Mr. Orszag said the $700 billion would probably be fully spent over the next year purchasing mortgage-related securities and other troubled assets from financial institutions. However, the eventual cost to taxpayers of Mr. Paulson’s bailout proposal would likely be much lower than $700 billion because the government would ultimately sell the acquired assets and thus generate income that would offset much of the initial cost, the budget director said.

The federal budget should reflect the estimated net cost to the government of such purchases, but Mr. Orszag said CBO could not provide an estimate of the ultimate net cost of the proposal.

“Almost by definition, the intervention cannot solve solvency problems without shifting costs to the taxpayer,” he acknowledged.

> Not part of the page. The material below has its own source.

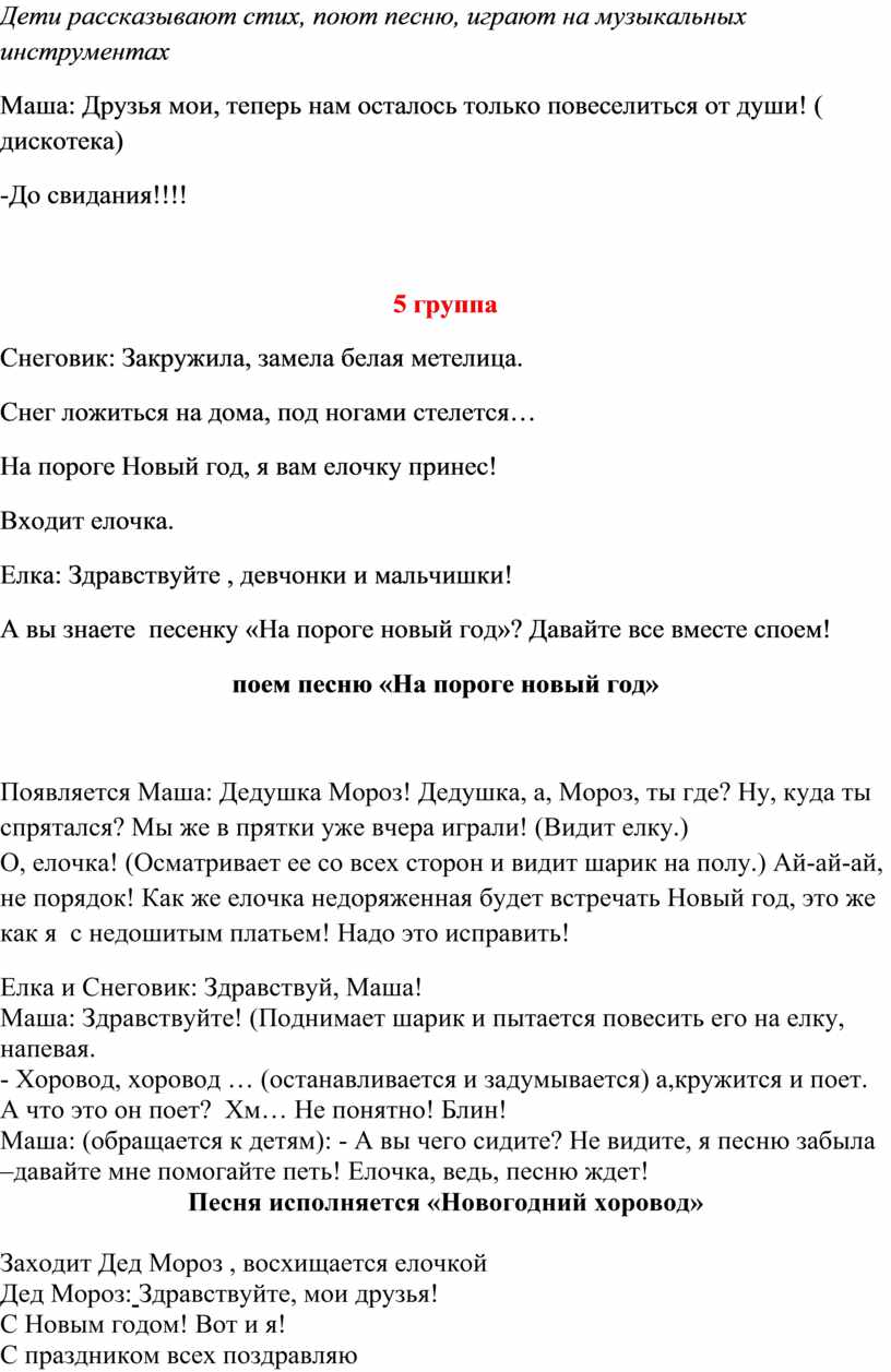 Маша: Здравствуй, Дедушка Мороз! У тебя ,Дед мороз, вот какая борода! Ребята, давайте песню споем дедушке

While the government would likely pay a fair price when purchasing similar assets, such as mortgage-backed securities, from multiple institutions, Mr. Orszag said the government would likely overpay for individual mortgages. The more the government overpays for assets, the more the program would “provide a subsidy to specific financial institutions, in a manner that seems unlikely to be an efficient approach to addressing concerns about solvency,” he said.

An ultimate cost of $200 billion would translate into $1,700 per household.

James Horney, director of federal fiscal policy at the Center on Budget and Policy Priorities, agreed with the way Mr. Orszag planned to handle the $700 billion cost estimate. If policymakers believe that the ultimate cost of the bailout will be substantially below $700 billion, “it clearly is not right, conceptually, to count the $700 billion in asset purchases as a budget outlay” of that magnitude, he said.

There has been speculation that the bailout might be conducted off-budget. Maya MacGuineas, president of the Committee for a Responsible Federal Budget, strongly opposed that idea.

“It is important for the bailout to go on the government’s books because what is happening is real and the impact on the government’s finances is real,” Ms. MacGuineas said.